───── Task data

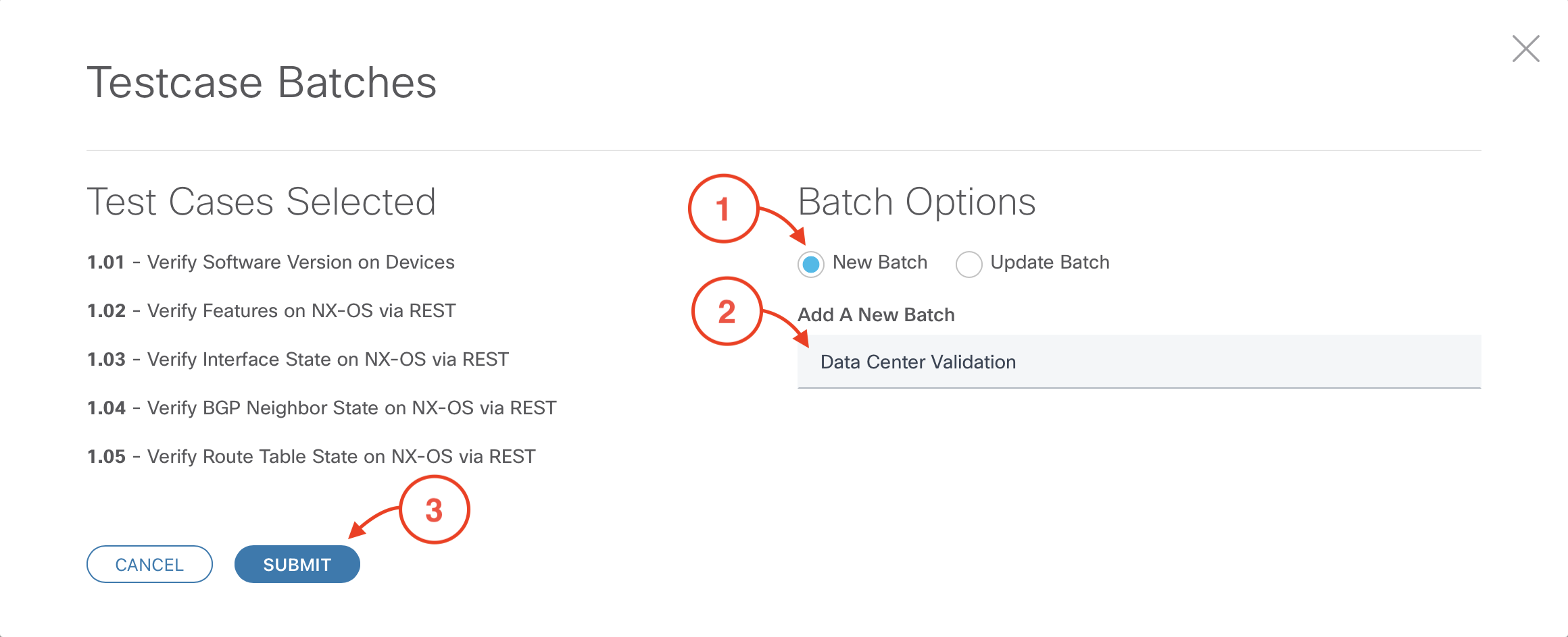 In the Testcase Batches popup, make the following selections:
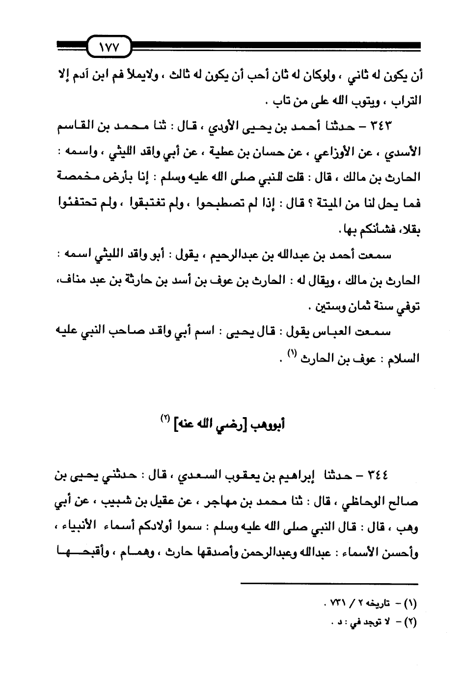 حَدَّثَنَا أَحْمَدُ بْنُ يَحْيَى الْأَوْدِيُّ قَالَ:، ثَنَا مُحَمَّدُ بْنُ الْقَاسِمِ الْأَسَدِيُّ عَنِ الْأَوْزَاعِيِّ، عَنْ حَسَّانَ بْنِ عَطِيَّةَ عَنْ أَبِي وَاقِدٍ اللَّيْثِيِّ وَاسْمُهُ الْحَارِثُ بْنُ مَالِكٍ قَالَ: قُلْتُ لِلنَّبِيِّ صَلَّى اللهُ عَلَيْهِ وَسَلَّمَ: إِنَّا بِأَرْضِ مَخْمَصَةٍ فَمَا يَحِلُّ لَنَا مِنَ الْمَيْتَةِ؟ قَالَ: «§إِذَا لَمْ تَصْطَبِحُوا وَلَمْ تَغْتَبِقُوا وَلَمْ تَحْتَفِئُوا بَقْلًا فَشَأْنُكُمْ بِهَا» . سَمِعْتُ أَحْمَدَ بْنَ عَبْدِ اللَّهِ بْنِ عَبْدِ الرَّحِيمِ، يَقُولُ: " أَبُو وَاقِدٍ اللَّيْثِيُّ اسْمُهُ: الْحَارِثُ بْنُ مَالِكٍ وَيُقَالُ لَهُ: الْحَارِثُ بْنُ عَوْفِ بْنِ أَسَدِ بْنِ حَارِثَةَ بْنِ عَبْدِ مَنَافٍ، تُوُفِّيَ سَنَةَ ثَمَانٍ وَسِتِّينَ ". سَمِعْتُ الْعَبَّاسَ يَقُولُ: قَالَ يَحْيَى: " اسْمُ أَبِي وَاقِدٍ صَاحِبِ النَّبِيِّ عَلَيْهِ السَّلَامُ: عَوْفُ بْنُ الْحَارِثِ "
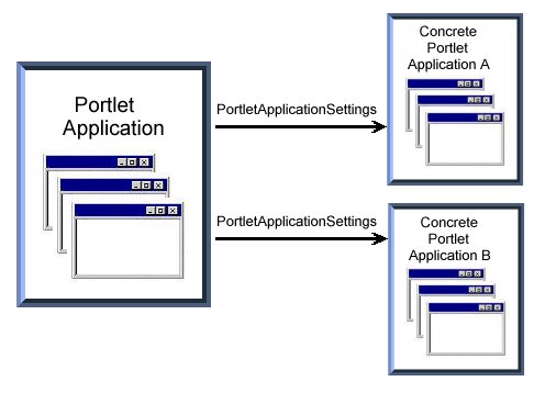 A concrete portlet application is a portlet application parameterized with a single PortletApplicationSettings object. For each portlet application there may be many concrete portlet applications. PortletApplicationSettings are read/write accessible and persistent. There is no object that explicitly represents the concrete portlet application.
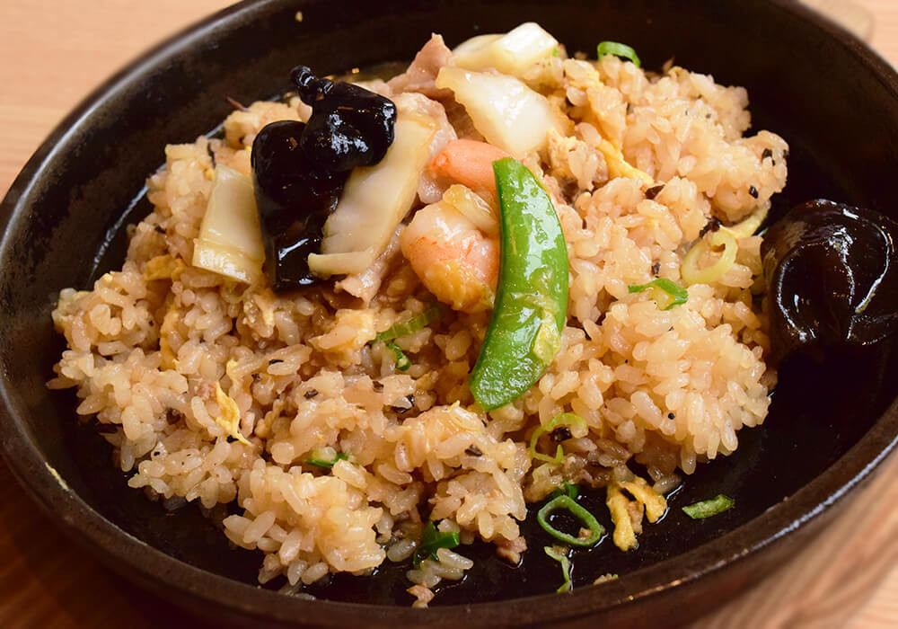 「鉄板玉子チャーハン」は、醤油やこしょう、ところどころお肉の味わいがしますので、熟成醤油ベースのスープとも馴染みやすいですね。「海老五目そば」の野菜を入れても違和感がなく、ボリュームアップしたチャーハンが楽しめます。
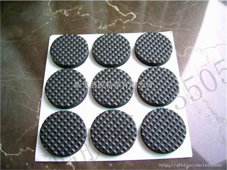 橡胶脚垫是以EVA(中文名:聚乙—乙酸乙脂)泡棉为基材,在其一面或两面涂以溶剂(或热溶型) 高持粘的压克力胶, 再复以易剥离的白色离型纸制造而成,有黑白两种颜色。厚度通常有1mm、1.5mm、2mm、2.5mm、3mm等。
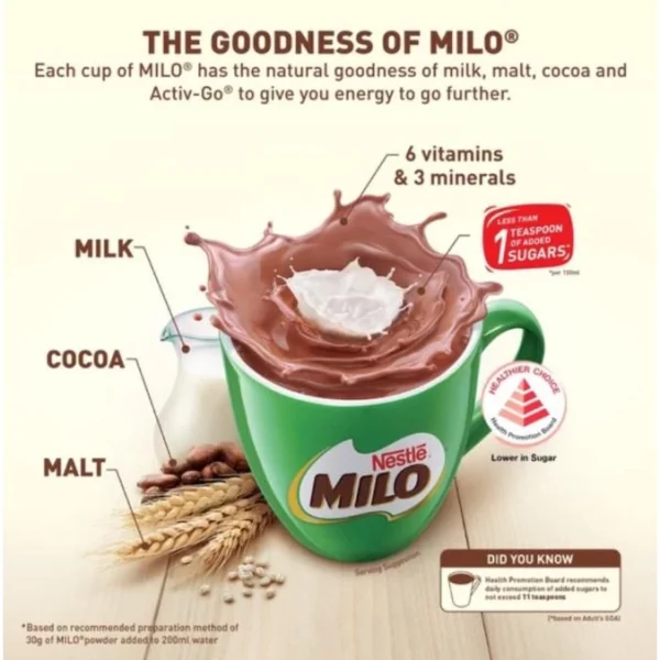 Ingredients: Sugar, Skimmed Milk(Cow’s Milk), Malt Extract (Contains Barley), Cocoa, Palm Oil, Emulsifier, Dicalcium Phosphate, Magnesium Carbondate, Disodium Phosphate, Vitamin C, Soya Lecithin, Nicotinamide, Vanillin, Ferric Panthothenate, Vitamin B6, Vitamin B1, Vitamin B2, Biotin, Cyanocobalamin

──────────
───── Task data

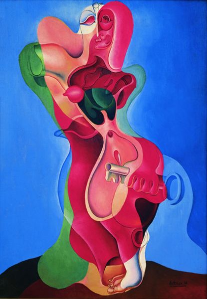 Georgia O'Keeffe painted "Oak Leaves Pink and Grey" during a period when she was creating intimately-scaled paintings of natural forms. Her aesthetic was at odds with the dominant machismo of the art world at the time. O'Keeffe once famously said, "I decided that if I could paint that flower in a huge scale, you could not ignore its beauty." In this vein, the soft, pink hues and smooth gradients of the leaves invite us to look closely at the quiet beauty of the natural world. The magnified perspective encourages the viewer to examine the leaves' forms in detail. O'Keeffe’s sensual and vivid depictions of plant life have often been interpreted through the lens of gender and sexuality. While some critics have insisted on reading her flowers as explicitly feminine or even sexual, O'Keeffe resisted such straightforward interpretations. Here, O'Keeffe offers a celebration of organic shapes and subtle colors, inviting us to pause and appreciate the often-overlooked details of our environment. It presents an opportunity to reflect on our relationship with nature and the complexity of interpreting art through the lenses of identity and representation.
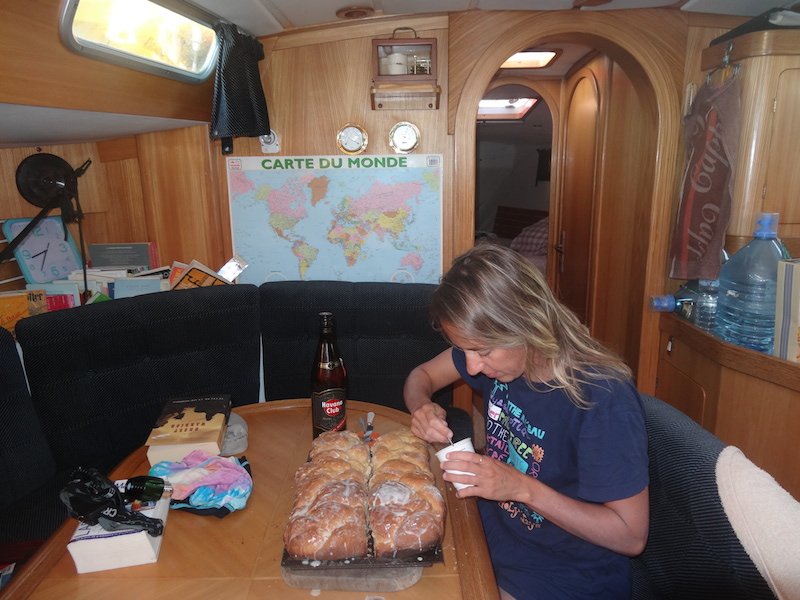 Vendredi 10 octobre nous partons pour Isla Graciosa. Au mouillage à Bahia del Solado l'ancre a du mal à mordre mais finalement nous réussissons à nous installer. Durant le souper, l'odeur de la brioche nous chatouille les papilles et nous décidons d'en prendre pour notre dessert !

──────────
───── Task data

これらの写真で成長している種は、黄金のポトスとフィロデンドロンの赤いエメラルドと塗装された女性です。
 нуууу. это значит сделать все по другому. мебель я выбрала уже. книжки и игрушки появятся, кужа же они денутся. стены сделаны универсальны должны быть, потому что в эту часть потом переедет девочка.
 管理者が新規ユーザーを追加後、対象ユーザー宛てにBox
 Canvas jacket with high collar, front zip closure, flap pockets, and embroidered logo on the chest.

──────────

• Task: Within the listing above, write out the stretch from the line with "In the Testcase" through the line with "حَدَّثَنَا أَحْمَدُ بْنُ" exactly. Any pictures are to be left out.

• Response area:
 In the Testcase Batches popup, make the following selections:
 حَدَّثَنَا أَحْمَدُ بْنُ يَحْيَى الْأَوْدِيُّ قَالَ:، ثَنَا مُحَمَّدُ بْنُ الْقَاسِمِ الْأَسَدِيُّ عَنِ الْأَوْزَاعِيِّ، عَنْ حَسَّانَ بْنِ عَطِيَّةَ عَنْ أَبِي وَاقِدٍ اللَّيْثِيِّ وَاسْمُهُ الْحَارِثُ بْنُ مَالِكٍ قَالَ: قُلْتُ لِلنَّبِيِّ صَلَّى اللهُ عَلَيْهِ وَسَلَّمَ: إِنَّا بِأَرْضِ مَخْمَصَةٍ فَمَا يَحِلُّ لَنَا مِنَ الْمَيْتَةِ؟ قَالَ: «§إِذَا لَمْ تَصْطَبِحُوا وَلَمْ تَغْتَبِقُوا وَلَمْ تَحْتَفِئُوا بَقْلًا فَشَأْنُكُمْ بِهَا» . سَمِعْتُ أَحْمَدَ بْنَ عَبْدِ اللَّهِ بْنِ عَبْدِ الرَّحِيمِ، يَقُولُ: " أَبُو وَاقِدٍ اللَّيْثِيُّ اسْمُهُ: الْحَارِثُ بْنُ مَالِكٍ وَيُقَالُ لَهُ: الْحَارِثُ بْنُ عَوْفِ بْنِ أَسَدِ بْنِ حَارِثَةَ بْنِ عَبْدِ مَنَافٍ، تُوُفِّيَ سَنَةَ ثَمَانٍ وَسِتِّينَ ". سَمِعْتُ الْعَبَّاسَ يَقُولُ: قَالَ يَحْيَى: " اسْمُ أَبِي وَاقِدٍ صَاحِبِ النَّبِيِّ عَلَيْهِ السَّلَامُ: عَوْفُ بْنُ الْحَارِثِ "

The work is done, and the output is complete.